Mitochondria are essential organelles that regulate energy homeostasis, cell signaling, and cell death [1][2][3]. During threatened cell death or nutrient starvation, mitochondria can be degraded and recycled through mitophagy. Mitophagy is a specific form of autophagy, a process where cell contents are degraded and recycled. In a broad sense, mitophagy involves tagging mitochondria for removal, engulfment of the organelle by an autophagosome, and degradation in a lysosome. There are several pathways which control, initiate, and facilitate mitophagy. The many facets of mitochondrial function contribute to mitophagy pathways.

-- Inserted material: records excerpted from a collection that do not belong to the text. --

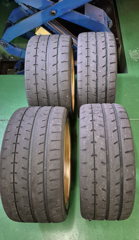 タカタを58秒0で走ったタイヤです。上2本が左側です、タカタでは傷みやすい方。でもほとんど違わないでしょ?
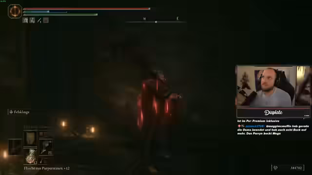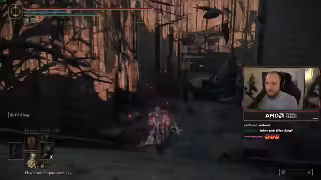 00:11:54Der Streamer kämpft sich durch das DLC-Gebiet und stellt fest, dass er mit dem Chicken-Leg-Waffe, die im Old-Patch besonders stark ist, extrem hohen Schaden verursacht. Er erklärt die Mechanik: Ein aufgeladener schwerer Angriff verursacht Blutung, und mit dem passenden Talisman wird der Schaden nach einer erfolgreichen Blutung nochmals um 30% erhöht. Diese Kombination beschreibt er als absolute 'Kinderverarsche'. Trotzdem stoßen Bosse wie ein Nilpferd auf Widerstand, da die Haltung nicht immer gebrochen wird.
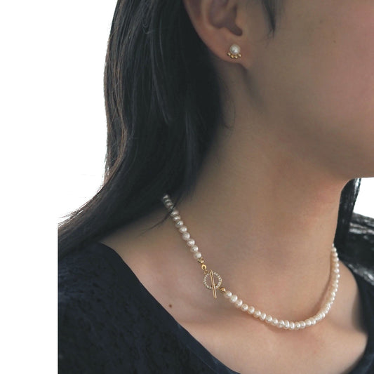 好主意!淡水珍珠項鍊/穿孔/耳環 | 2 件組 | 品質 AA+ | 適用於正式場合、學校入學儀式、幼兒園入學儀式、母親節
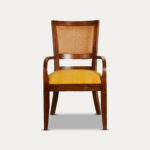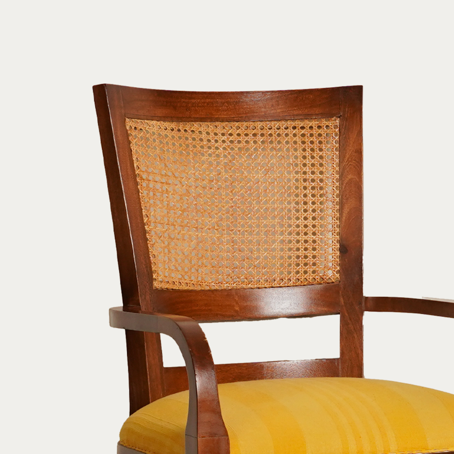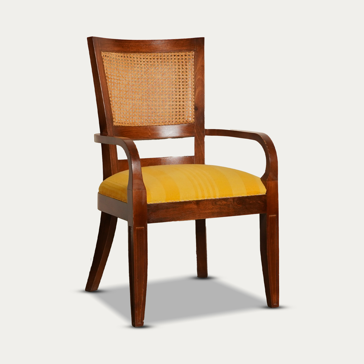 Elevate your dining space with our Konya dining chair, crafted from mango wood and cane in a natural brown finish. The comfy cushioned seat is complemented by raised sleek arms for added comfort, while the beautifully woven cane back design adds a touch of craftsmanship. Ergonomically designed, this chair is both functional and aesthetically pleasing, bringing a clean, minimalist touch to your dining space. The cane material adds freshness and lightness to the design, making it a perfect piece to elevate the charm of your home interiors.
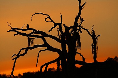 Red tailed hawk - Buteo jamaicensis -silhouette perched on dead oak tree with orange sunset background
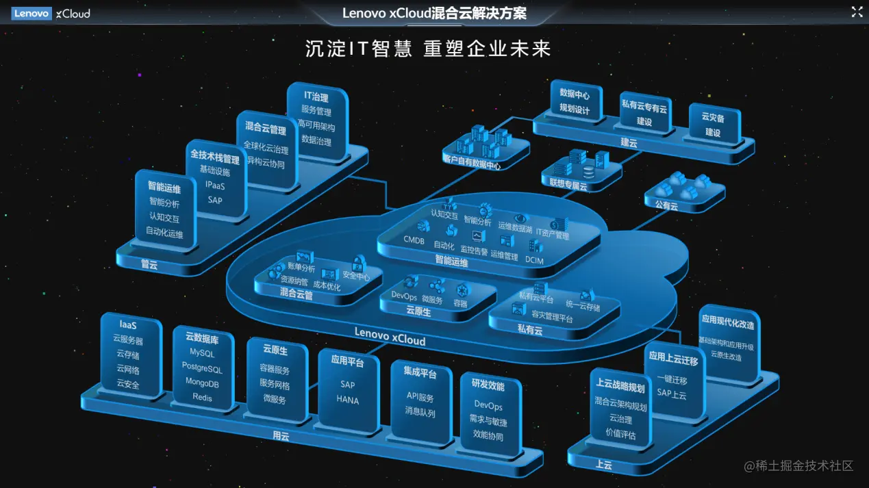 联想混合云是联想沉淀了20多 年 IT 智慧,基于端到端最佳实践,融合敏捷的云原生技术、统一的多云管理平台、卓越的智能运维、高可用的私有云、高效的数据库管理平台,打造的业界领先的“建-上-用-管”云上全生命周期解决方案,依托端边云网智“新IT”架构的优势,以及自身转型实践经验,通过提供高质量的产品、方案与服务,已经帮助制造、能源、教育、医疗、零售、金融等众多行业客户加快数字化、智能化转型。
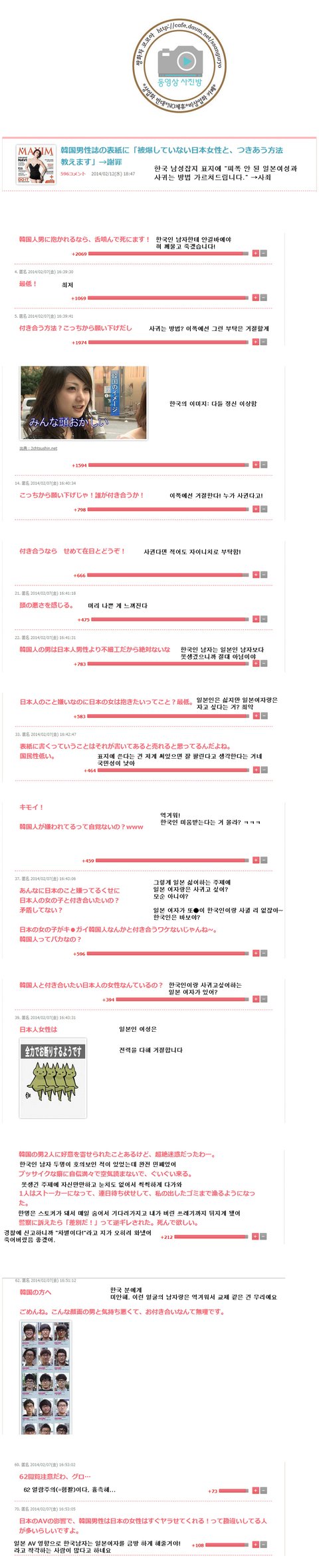일본애들이.저렇게 우리나라사람, 우리나라 까는건 기분이 나쁘지만.. 잡지에 저런 내용 실은 건 잘못된거 아닌가요.. 입장바꿔서 일본이 '한국여지 사귀는법' 같은걸 실었다고 해봐요. 우린 더 난리쳤을걸요. 그리고 저들이.하는말도 완전 100%틀린 말은 아니라는 점이 또 기분이 그렇네요.
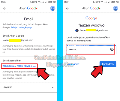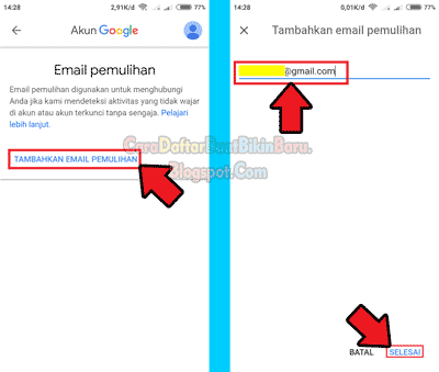 - Nah, sekarang tab link Tambahkan Alamat Email Pemulihan (Gambar jadi satu dibawah hehe)
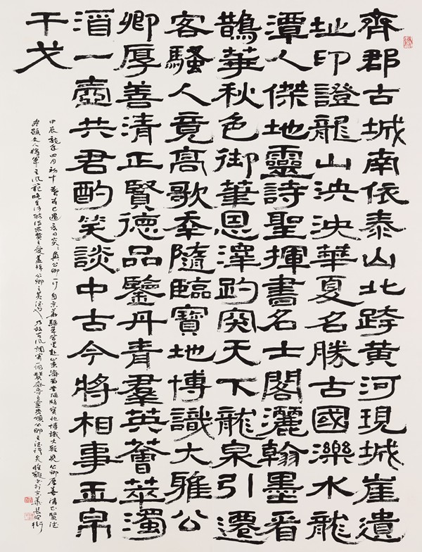 怀馥,根植传统,崇尚经典,立足时代,志存高远,在创作上追求诗书画印的“四融”之功。他出生于上世纪80年代的广东,深受岭南祠堂文化的影响,自幼好习传统,以古为师,精研古典诗词格律,创作上以古体诗、格律词为主;在书法研习创作时,上承古风,立足传统,追求正大气象的书法风格,注重线条的表现形式,强调书写性和文化性,近阶段发轫于秦简牍书、汉篆碑刻等书学方向,着力于对厚重朴茂的追寻,细致而敏感地发掘、发挥其线条的转化之功,并能够与绘画创作相融合。
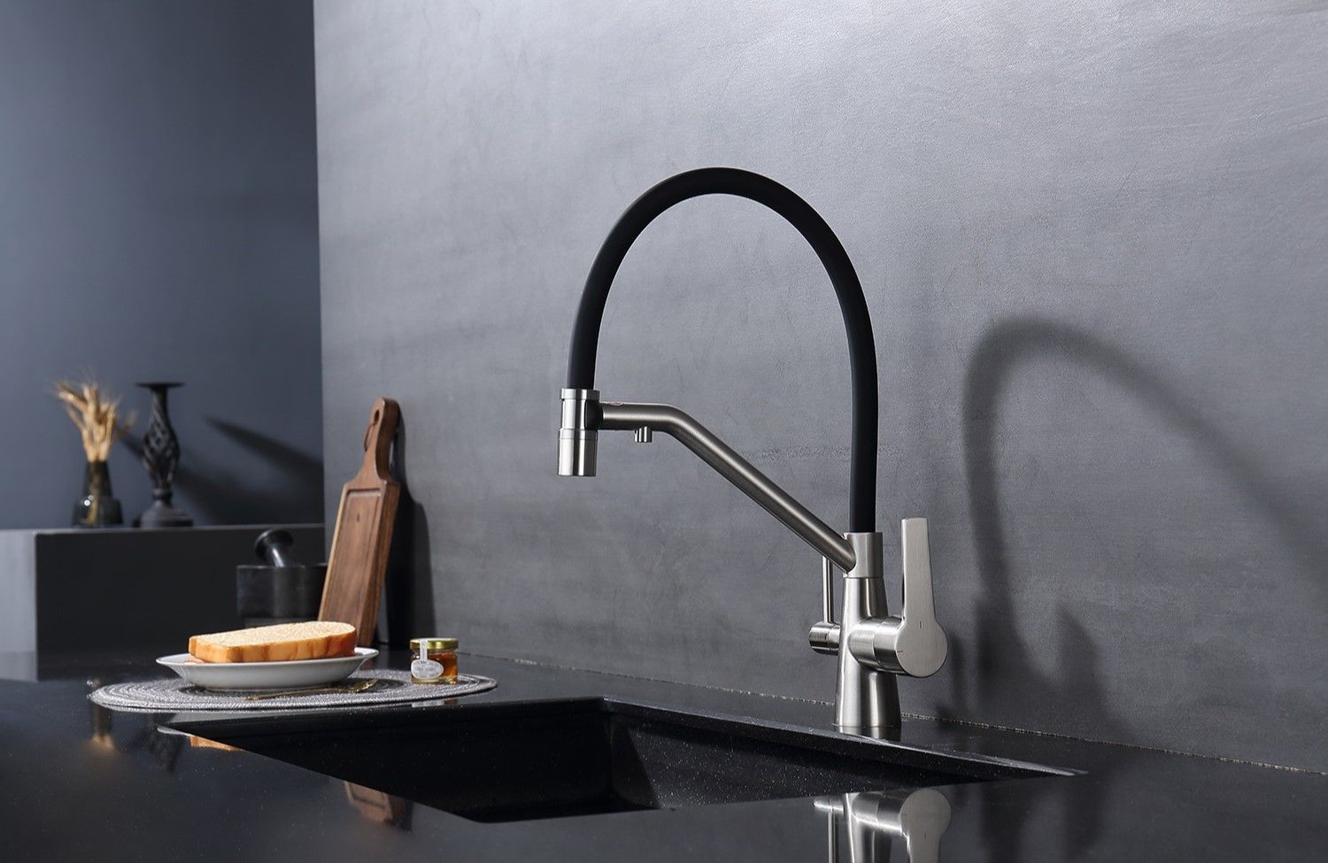 Смеситель для кухни со съемным изливом на магните и подключением фильтра питьевой воды. Гибкий съемный шланг значительно расширяет зону использования смесителя, благодаря этому можно мыть объемную посуду. Модель предназначена для одновременного подключения к водопроводу и фильтру и позволяет снабжать как обычной, так и питьевой водой.

Mitochondria coordinate and balance energy production through beta oxidation, the citric acid cycle (TCA cycle), and oxidative phosphorylation at the electron transport chain (ETC). Beta oxidation is a catabolic pathway where free fatty acids are converted to acetyl coA, which enter the TCA cycle and ultimately oxidative phosphorylation. In the TCA cycle, either pyruvate (from glycolysis) or acetyl coA are oxidized to generate the high energy electron carriers, NADH and FADH2. NADH and FADH2 enter the ETC at complex I and complex II, respectively. These high energy electron carriers undergo oxidation/reduction reactions in the ETC in order to pump protons into the matrix. These protons ultimately power ATP synthase (or Complex V) for the generation of ATP from ADP. These bioenergetic reactions maintain the mitochondrial electrochemical gradient, or mitochondrial membrane potential. Mitochondrial membrane potential is the main signal which either inhibits or initiates mitophagy.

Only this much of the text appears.